Le nombre de rakʿât n’est pas fixe. La prière nocturne se fait en unités de 2 rakʿât. Les récits la situent souvent autour de 11 à 13 rakʿât, suivies du witr, mais cela ne signifie pas qu’un débutant doit commencer ainsi. Deux rakʿât accomplies avec constance sont déjà une très belle porte d’entrée.
Trouver un rythme tenable
Une routine nocturne doit rester compatible avec le sommeil et les obligations du lendemain. Si le réveil est trop ambitieux, il devient vite irrégulier. Si l’objectif est trop faible, l’habitude ne s’installe pas. Le bon réglage consiste à viser une alarme raisonnable, un minimum de 2 rakʿât, un coucher un peu plus tôt quand c’est possible, puis une reprise paisible après une nuit manquée. Cette manière de faire rappelle que la discipline de tahajjud repose sur l’effort, mais aussi sur la mesure.
Tahajjud, qiyam al-layl et witr : ne plus les confondre
Ces trois notions sont proches, mais elles ne désignent pas exactement la même chose. Les distinguer permet de mieux organiser sa nuit sans croire que tout est interchangeable.
| Terme | Sens principal | Moment | Point à retenir |
|---|---|---|---|
| Tahajjud | Prière nocturne après un sommeil | Après ʿishāʾ et avant fajr | Le dernier tiers est le moment le plus recherché |
| Qiyam al-layl | Adoration nocturne au sens large | Durant la nuit | Peut inclure prière, récitation, dhikr et invocations |
| Witr | Prière impaire de clôture | Après ʿishāʾ jusqu’à fajr | Souvent placée à la fin des prières de nuit |
On peut dire que tahajjud fait partie de qiyam al-layl, mais tout qiyam al-layl n’est pas forcément tahajjud au sens strict. Quant au witr, il a une fonction particulière : clôturer la prière nocturne par un nombre impair. Si vous craignez de ne pas vous réveiller, vous pouvez prier witr avant de dormir. Si vous pensez vous lever, vous pouvez le retarder pour le faire à la fin.

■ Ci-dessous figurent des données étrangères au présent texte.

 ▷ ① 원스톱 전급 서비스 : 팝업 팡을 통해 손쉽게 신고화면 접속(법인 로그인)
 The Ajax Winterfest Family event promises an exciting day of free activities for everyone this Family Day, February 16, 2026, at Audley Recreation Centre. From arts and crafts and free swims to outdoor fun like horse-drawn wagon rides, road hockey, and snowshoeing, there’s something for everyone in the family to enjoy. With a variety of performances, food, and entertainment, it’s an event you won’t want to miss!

Bienfaits spirituels et conseils pour durer
Le tahajjud est recherché pour la proximité avec Allah, le pardon, la paix intérieure et la force spirituelle qu’il nourrit. La nuit favorise le khushuʿ, avec moins de bruit, moins de regards et moins de dispersion. Beaucoup y trouvent un espace pour déposer ce qu’ils n’arrivent pas à formuler dans la journée.
Commencer petit, mais commencer vraiment
Pour tenir, fixez un objectif très simple : une ou deux nuits par semaine, puis davantage si cela devient naturel. Évitez de transformer chaque échec en verdict sur votre foi. Une nuit manquée peut être suivie d’une reprise, sans dramatisation. Vous pouvez aussi préparer quelques invocations à l’avance pour ne pas rester bloqué une fois réveillé.

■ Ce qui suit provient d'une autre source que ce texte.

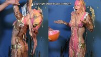 Scene 2 is a different take on "inequality" as Shelly takes on TWO roles! (And not for the first time either...) Super Shelly is the kind of oblivious superhero who shows up and makes everything way worse.... as our poor damsel discovers to the tune of "Super Sludge" chocolate slime, 13 messy pies, and even more slime! There's a reason why I didn't bother editing this one in 2014 (Spoiler: It took a ton of time...) but the final result is genuinely hilarious in a way that makes me happy. It also confirms that Shelly, while underappreciated, was one of the absolute greats: Not only did she get genuinely hogtied (in our most realistic bondage bit ever, even played for laughs) and then covered in mess, but she also found time to do her famous "Clumsy Bowl Gag" (TWICE!) for no real reason.... And all this after shooting the Super Shelly pick-ups... And she was still smiling and goofing around after all that!

- Couchez-vous avec l’intention sincère de vous lever.
- Placez l’alarme loin du lit pour éviter de l’éteindre machinalement.
- Commencez par 2 rakʿât courtes plutôt qu’un programme trop ambitieux.
- Gardez une récitation simple si vous ne connaissez que peu de sourates.
- Demandez à Allah de vous faciliter cette adoration.
Le tahajjud n’est pas réservé aux personnes déjà très avancées. Il peut devenir, pas à pas, un rendez-vous discret avec Allah, parfois long, parfois très court, mais toujours précieux lorsqu’il est porté par l’intention et la constance.